Having just had my second three course Christmas dinner of the year I thought it would be worth sharing my Christmas dinner strategies to avoid piling on the pounds if you're having more than one.
As with most 'special occasion' meals there are two ways to go to mitigate the damage ... The fact is if you eat all that naughtiness in combination it's going to be damaging for the waistline, but if you miss out a few elements you can reduce the damage quite significantly.
The first choice is the low-carb one, this way you can enjoy the fattier indulgences but by minimising your insulin production you minimise the damage of the meal. For this option to work avoid carbs three hours before and four hours after the meal:
Starter: go for smoked salmon, soup or pate, but skip the bread
Main: turkey, veggies, pigs in blankets are all allowed, but skip the stuffing, cranberry sauce and roasties.
Pudding: no sugar allowed I'm afraid so skip the pudding course and have a herbal tea or decaf coffee. However you can tuck into the cheeseboard, just without the crackers.
Option 2, the carby option.

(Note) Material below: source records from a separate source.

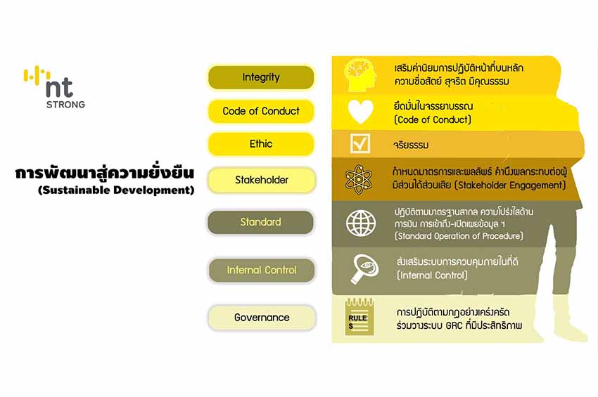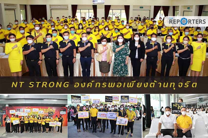 บริษัท โทรคมนาคมแห่งชาติ จำกัด (มหาชน) หรือ NT ยึดมั่นในการดำเนินงานภายใต้ความรับผิดชอบต่อสังคม และผู้มีส่วนได้เสีย และยึดถือปฏิบัติหน้าที่อย่างเคร่งครัดตามหลักธรรมาภิบาล (Good Governance) ไม่ว่าจะเป็นผู้บริหาร และพนักงาน โดย NT Strong ถือเป็นอีกหนึ่งกิจกรรมที่ทุกคนในองค์กรสามารถเข้าร่วมแสดงพลังประกาศจุดยืนร่วมต่อต้านการทุจริตในทุกรูปแบบ เนื่องในวันต่อต้านคอร์รัปชันแห่งชาติ ประจำปี 2565 ภายใต้แนวคิด “ผู้นำ…กับการปราบโกง” ซึ่งจัดขึ้นต่อเนื่องทุกปี เพื่อกระตุ้นให้ทุกภาคส่วนของสังคมเกิดความตื่นตัวและไม่ยอมรับการโกงทุกรูปแบบ และผู้นำมีบทบาทสำคัญในการปราบคอร์รัปชันทุกรูปแบบ ต้องกล้าตัดสินใจ กล้าทำให้เห็นและเป็นแบบอย่างที่ดี รณรงค์ให้ทุกคนตระหนักถึงคอร์รัปชันคือสิ่งบั่นทอนการพัฒนาประเทศ และสร้างแรงบันดาลใจให้กับพนักงานทุกคนในองค์กรร่วมกันต่อต้านการทุจริต พร้อมในการปลูกฝังและส่งเสริมบุคลากรในองค์กรก้าวเติบโตอย่างมีคุณภาพ มีคุณธรรม มีจริยธรรม และจรรยาบรรณ”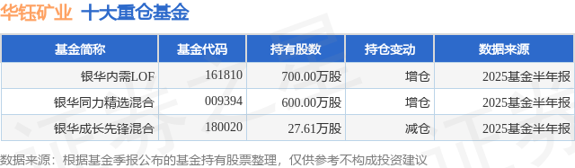 根据2025基金半年报公募基金重仓股数据,重仓该股的公募基金共3家,其中持有数量最多的公募基金为银华基金的银华内需LOF。银华内需LOF目前规模为14.98亿元,最新净值4.098(10月15日),较上一交易日上涨0.91%,近一年上涨66.11%。该公募基金现任基金经理为刘辉 王利刚。刘辉在任的基金产品包括:银华同力精选混合,管理时间为2020年6月16日至今,期间收益率为29.81%;银华创业板两年定期开放混合,管理时间为2020年8月7日至今,期间收益率为-17.46%。王利刚在任的基金产品包括:银华成长先锋混合,管理时间为2019年12月31日至今,期间收益率为28.15%;银华创业板两年定期开放混合,管理时间为2020年8月7日至今,期间收益率为-17.46%;银华同力精选混合,管理时间为2021年4月26日至今,期间收益率为31.09%;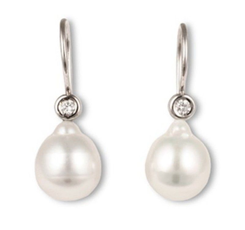 Elegantes pendientes colgantes en oro blanco con perla australiana de gran tamaño y brillo natural, rematados con un pequeño diamante en la parte superior. Diseño sofisticado y clásico, perfectos para ocasiones especiales o como complemento diario de lujo. Ideal para mujeres que buscan joyería de alta calidad y estilo atemporal.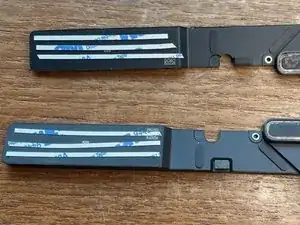 Удалите один винт T4, удерживающий каждый из динамиков. Используйте поддеватель, чтобы приподнять динамики от двустороннего скотча. При повторной установке удалите старый скотч и замените его. На третьем фото показан новый скотч, наклеенный на каждый динамик.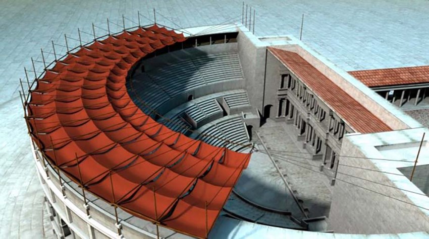 També explica que els romans en la seua època per a pal·liar les altes temperatures utilitzaven el velarium, que era una cobertura desplegable de tela composta de diverses fulles (o vels) de cànem, utilitzada en els circs, teatres i amfiteatres romans.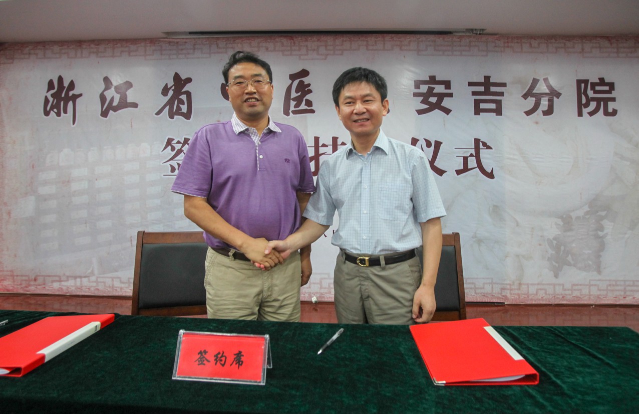 8月22日,医院与安吉县人民政府签订了合作医疗协议书。浙江中医药大学副校长方剑乔,医院管理处副处长陈华,湖州市卫生局副局长魏明,安吉县人大常委会副主任黄先国、副县长任贵明、县政协副主席张为华,医院院长吕宾、党委书记曹毅、副院长沈敏鹤、党委副书记黄琦等领导出席了签约仪式,并为浙江省中医院(浙江中医药大学附属第一医院)安吉分院揭牌。这标志着我院与安吉县中医院正式结成紧密型合作办医关系,也是继我院与松阳县人民医院、松阳县中医院之后,医院与基层医院的再次结缘。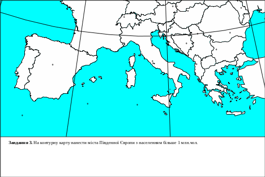 Демографічна ситуація _________________ ______________________________________ Національний склад ____________________ ______________________________________ Рівень урбанізації ______________________ ______________________________________ Найбільші міста _______________________ __________________________________________________________________________________________________________________ |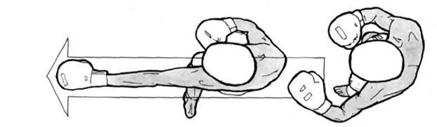 Примечание. Кулак бьющей руки при ударе может быть направлен большим пальцем кверху, что может несколько удлинить удар, но тогда будет затруднено защитное движение плечевого сустава, которым боксер прикрывает подбородок от ударов справа.

With this option you can enjoy the carbs but need to reduce the fat intake and keep the foods relatively low GI.
Starter: smoked salmon or vegetable soup are again both good options (pate is too fatty), have with wholemeal or rye bread (white bread is too high GI).
Main: turkey (a pretty lean meat) and veggies are great, let yourself have a couple of roast potatoes too but skip the stuffing, pigs in blankets and cranberry sauce (too much sugar).
Pudding: if a fruit salad is available go for that, otherwise if you want a proper pudding a dark chocolate mousse or a Christmas pudding (without custard) will be the lower GI options. Afraid no cheese allowed with this option.
If you've got more than one christmas dinner lined up you can try both strategies and that way you get to eat a full Xmas dinner, just not all on the same day!